In reply to an earlier post on Nov 15, 2011 2:10:41 AM PST
David Ames says:
If I were in dire straits I might list a book that I don't want to sell. My copy of a particular 50+ year old book is in excellent condition and I would Ask a prettypenny for it if I put it on the market.

In reply to an earlier post on Nov 15, 2011 9:30:00 AM PST
John Wagner says:
I have noticed that the rediculously high prices don't usually apply to a book's antiquity or condition. Just pick some random book, even a paperback, and get a listing of all new and used, and then sort by price. You might find the range from $10 very good condition to $300 fair condition. Many times there are dozens of listings so availability is not an issue. I agree with many posters that there is something strange going on, but what???

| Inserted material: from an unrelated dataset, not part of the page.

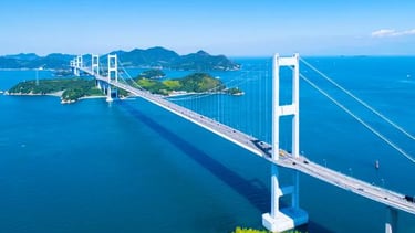 The Shimanami Kaido is a 70-km long road connecting Onomichi City, Hiroshima Prefecture, and Imabari City, Ehime Prefecture, Japan. It is the first tourist route in Japan to be built on a full-scale "bicycle path. Opened in 1999, it was designed not only for automobiles, but also for bicycles and pedestrians. By connecting islands in the Seto Inland Sea National Park, the road aimed to revitalize the region and promote tourism. It is a spectacular route that connects the beautiful islands of the Seto Inland Sea, and is a place that can be enjoyed in various ways throughout the four seasons. here are trips that suit your purpose, such as cycling, driving, and experiencing the cuisine and culture of each island.
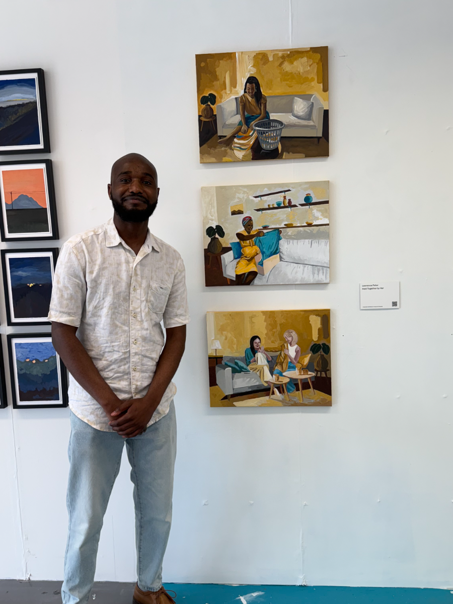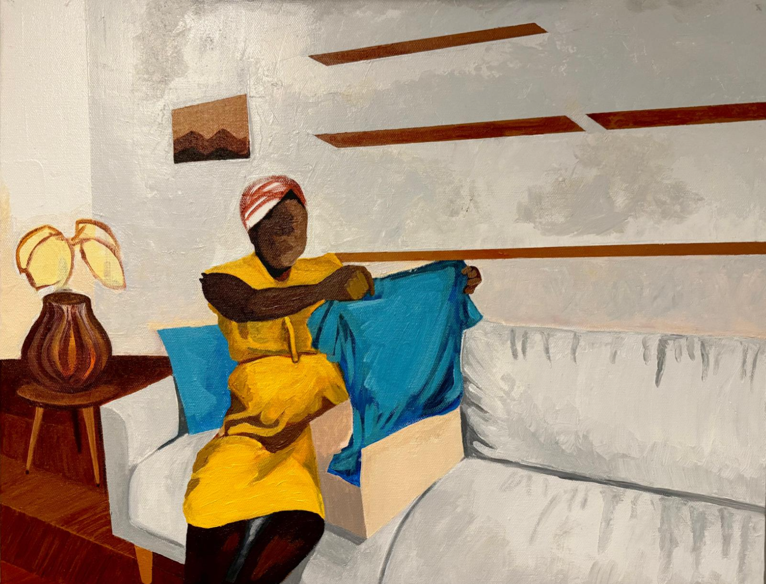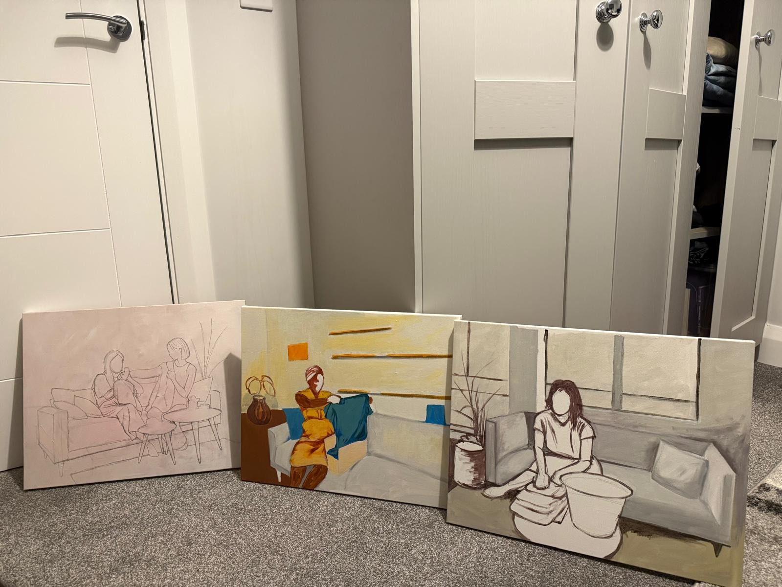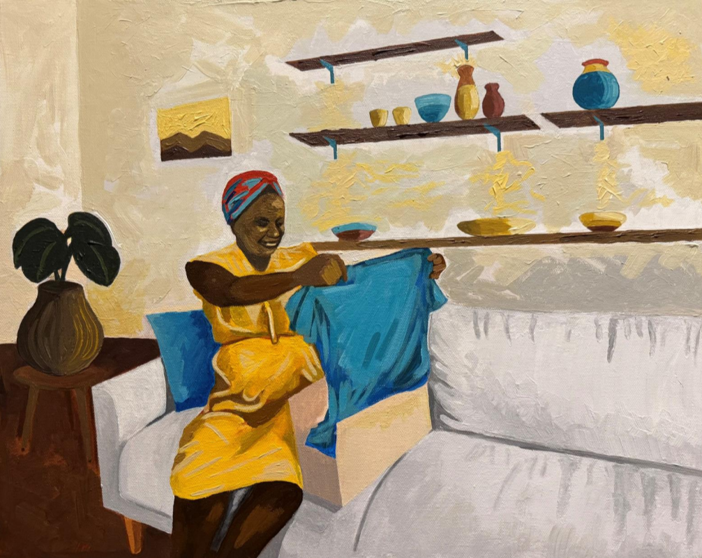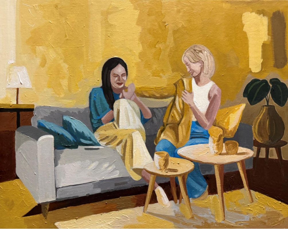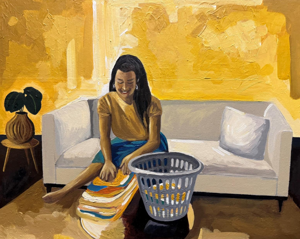 Held Together By Her is an exploration of women, within intimate, often overlooked sanctuaries of domestic life, and their significance in our lives. Through the medium of oil, I seek to capture the poetry of ordinary moments - their interaction with each other and surrounding personal belongings within domestic settings. This fascination is deeply rooted in my family's story. My mother taught herself to sew long before I was born. One evening, she proudly presented a handmade pair of shorts for my brother - an act of love carefully stitched into fabric. When my father, a cook at the time, returned home and saw her creation, he took it as a challenge. Before long, the rhythm of sewing became part of our family’s legacy. What began as a simple stitch of curiosity became my father’s craft, later passed down to my brother. It is this thread - of care, of creation, of quiet power - that has inspired this project. Women bring life in the spaces they inhabit. This project is an invitation to step inside these private worlds, to witness the unspoken strength, tenderness, and beauty that reside in the everyday. Throughout the series, recurring motifs such as a vase with a plant, a sofa, and women holding or folding clothes serve as symbols of comfort, beauty, and the quiet rituals that shape everyday life.

Posted on Nov 15, 2011 7:24:01 PM PST
C. Lee says:
It may be a place holding because they are listing many items at a time and don't have time to stop and research how much they should sell it for. I oftentimes list products at 999.99 initially, then go in as soon as possible when I have time and change the prices. I don't actually expect someone to buy a 10 dollar toy for $999.99! Although I'm certain that would be nice.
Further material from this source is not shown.